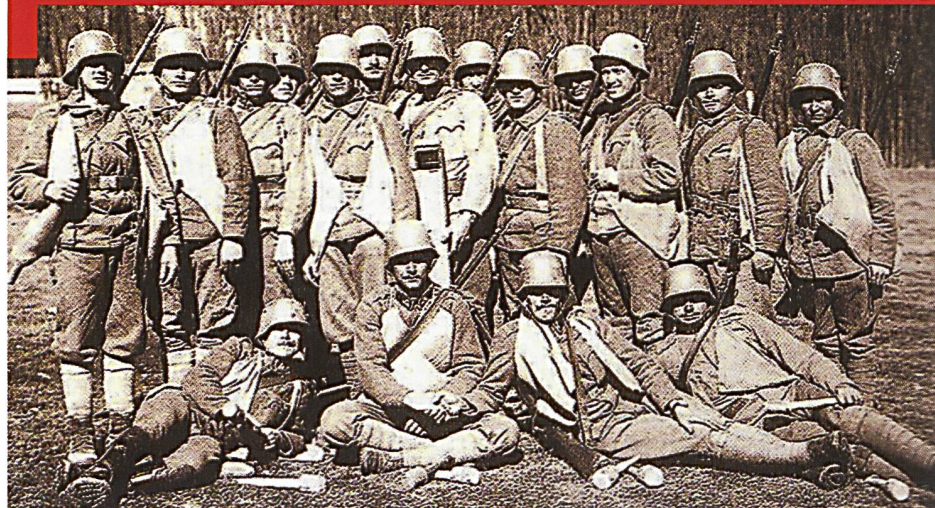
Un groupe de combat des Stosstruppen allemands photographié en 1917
§ §
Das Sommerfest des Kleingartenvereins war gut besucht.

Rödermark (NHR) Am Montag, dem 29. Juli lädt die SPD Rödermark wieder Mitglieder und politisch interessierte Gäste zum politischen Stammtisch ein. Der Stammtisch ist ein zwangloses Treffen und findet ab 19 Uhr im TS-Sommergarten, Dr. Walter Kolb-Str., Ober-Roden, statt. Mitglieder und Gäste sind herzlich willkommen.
§ §
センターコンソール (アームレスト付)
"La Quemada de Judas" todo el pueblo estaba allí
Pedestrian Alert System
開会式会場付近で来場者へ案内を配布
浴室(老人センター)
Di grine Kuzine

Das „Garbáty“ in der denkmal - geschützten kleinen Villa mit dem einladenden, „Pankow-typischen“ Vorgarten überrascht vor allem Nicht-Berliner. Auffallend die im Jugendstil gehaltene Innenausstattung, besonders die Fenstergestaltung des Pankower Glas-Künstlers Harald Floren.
§ §
Using the data above, transcribe the lines that run from the line with "開会式会場付近で来場者へ案内を配布" to the line with "Glas-Künstlers Harald Floren.", both ends kept, and output nothing else.

開会式会場付近で来場者へ案内を配布
浴室(老人センター)
Di grine Kuzine

Das „Garbáty“ in der denkmal - geschützten kleinen Villa mit dem einladenden, „Pankow-typischen“ Vorgarten überrascht vor allem Nicht-Berliner. Auffallend die im Jugendstil gehaltene Innenausstattung, besonders die Fenstergestaltung des Pankower Glas-Künstlers Harald Floren.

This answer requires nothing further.